An office visit is also an opportunity. Make the most of it by:

  • Starting with open communication. Don’t assume your healthcare provider has all the information they need. If you think of a detail you forgot to bring up during an appointment, jot it down. Then, call your healthcare provider or nurse.

  • Asking questions. Be sure to get a clear explanation of your care and ask about treatment, results, and any possible side effects. Write down what your need to know about treatment.  Don’t trust your memory. And remember, it’s your right to get a second opinion if you want one.

  • Sharing any history of allergies or reactions. Your healthcare provider needs to know how you’ve reacted to medicines or treatments. This will help be sure you don’t get a medicine that may harm you.
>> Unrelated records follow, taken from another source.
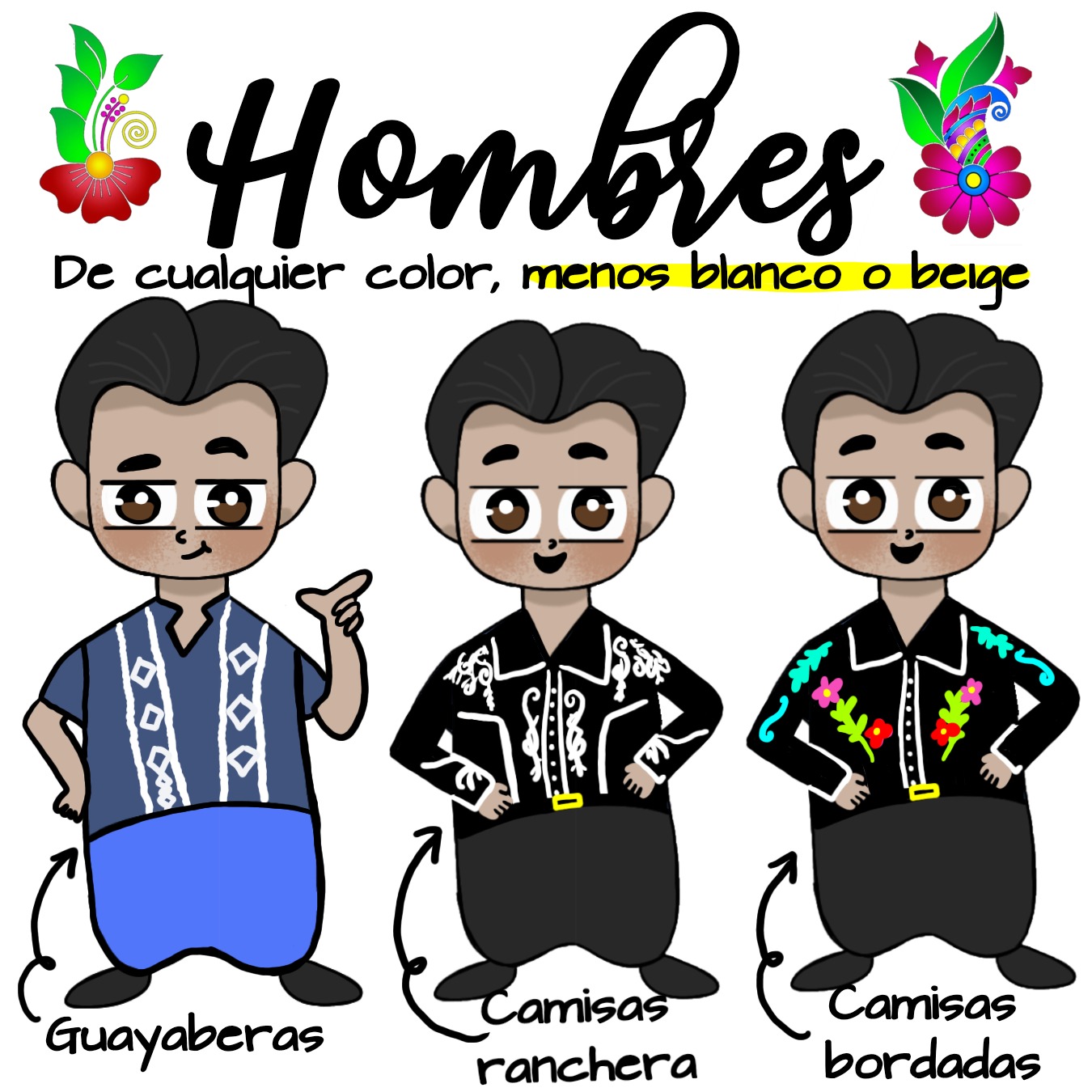 Queremos que utilices tu mejor outfit tradicional formal, evitando blancos y similares.
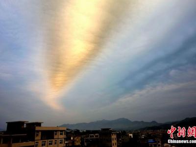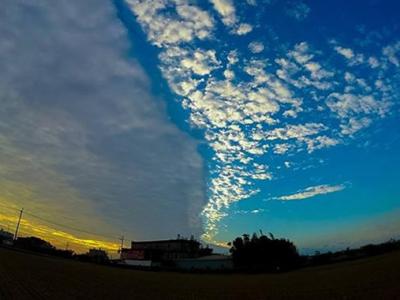 台湾新竹县湖口乡上空18日下午出现“阴阳云”景观,在冬日夕阳的衬托下,显得格外...
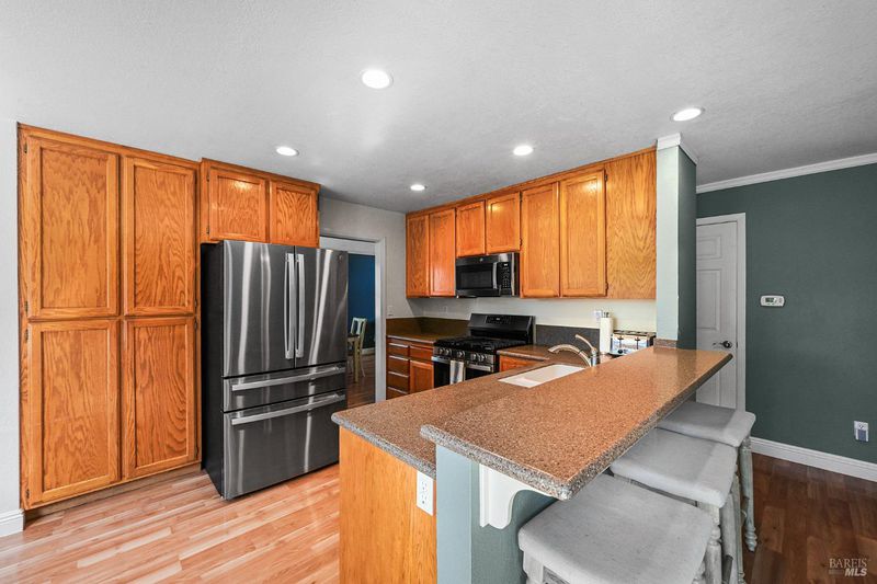 Well-maintained two-story home located on a spacious corner lot in the sought-after Macklin Subdivision. This floor plan offers 3 bedrooms and 2.5 bathrooms, perfectly positioned just south of Putnam Park and minutes from Oliver's Market and Downtown Cotati. The main level features a functional layout designed for everyday living, including a formal dining area and a comfortable family room that features a gas log fireplace and opens directly to the kitchen. For added convenience, the laundry room and a half-bathroom are also located on the main level, and the washer and dryer stay with the property. Upstairs, you will find all three bedrooms and two full bathrooms. Both the primary suite and one of the guest bedrooms feature vaulted ceilings, adding to the home's spacious feel. The generous primary bedroom includes a walk-in closet and an en suite bathroom equipped with a dual vanity and shower. The backyard is designed for both relaxation and utility, featuring a paver patio, lawn, and a dedicated boat or small RV pad (~13'W by ~31'L) with a double-gate (~12'W) for easy access. Being a corner lot, the property benefits from having only one side neighbor and one rear neighbor. Extensive maintenance and upgrades have been completed over the last five years. The sellers replaced the roof and gutters, added gutter guards, replaced the carpet on the stairs and second story, painted the interior and exterior, upgraded the kitchen appliances, and replaced three-quarters of the yard fencing. They also added the dedicated boat/small RV pad. This home offers the perfect opportunity to enjoy the best of Cotati living, with easy access to local parks, community events, and the vibrant downtown scene just moments away.
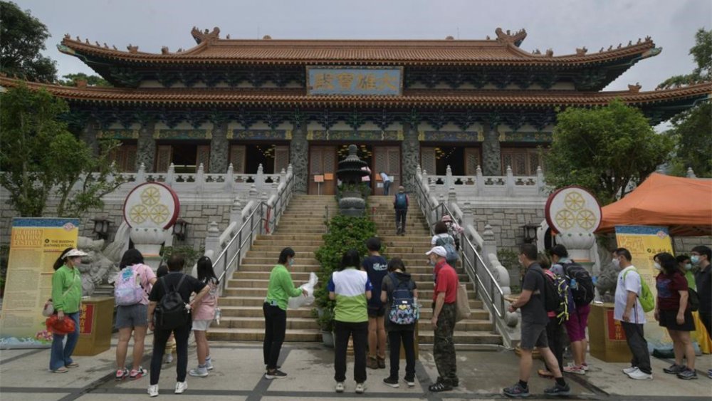 在大嶼山,不少市民一早前往東涌巴士站,搭車前往昂坪消遣,昂坪市集不少食肆都大排長龍。其中有善信趁着佛誕將至,帶同小朋友到天壇大佛及寶蓮禪寺合十裝香,教導小朋友誠心禮佛之意。

  • Ask your healthcare provider to write clearly. They should clearly write the name and purpose of a prescribed medicine, as well as instructions for taking it. Then check to make sure the pharmacist gives you the right one. Be aware of possible side effects and when they should be reported

Mind your medicines

If you get prescription for medicine:

  • Tell your healthcare provider what medicines you take. This includes over-the-counter remedies and supplements—how much you take and when you take them. Review your medicines at least once a year with your healthcare provider. Keeping your records up-to-date helps prevent dangerous interactions.

  • Ask about generic medicine. When generic medicine is available, it can cost much less.

  • Follow directions. Taking too much or too little medicine or using the wrong one is the most common medical error.

Keep on top of preventive care

Talk with your healthcare provider about:

  • Screenings for cancer, heart disease, diabetes, and other problems

  • Immunizations for illnesses

  • Counseling for mental health concerns

  • Your diet and activity levels

  • Your weight

  • Stress management

  • Smoking or substance abuse

  • Steps you can take to prevent chronic disease

It’s up to you to follow your healthcare provider’s suggestions. Keep asking questions until you know what you need to do. Being assertive and acting as your own healthcare advocate is the best way to get the best healthcare.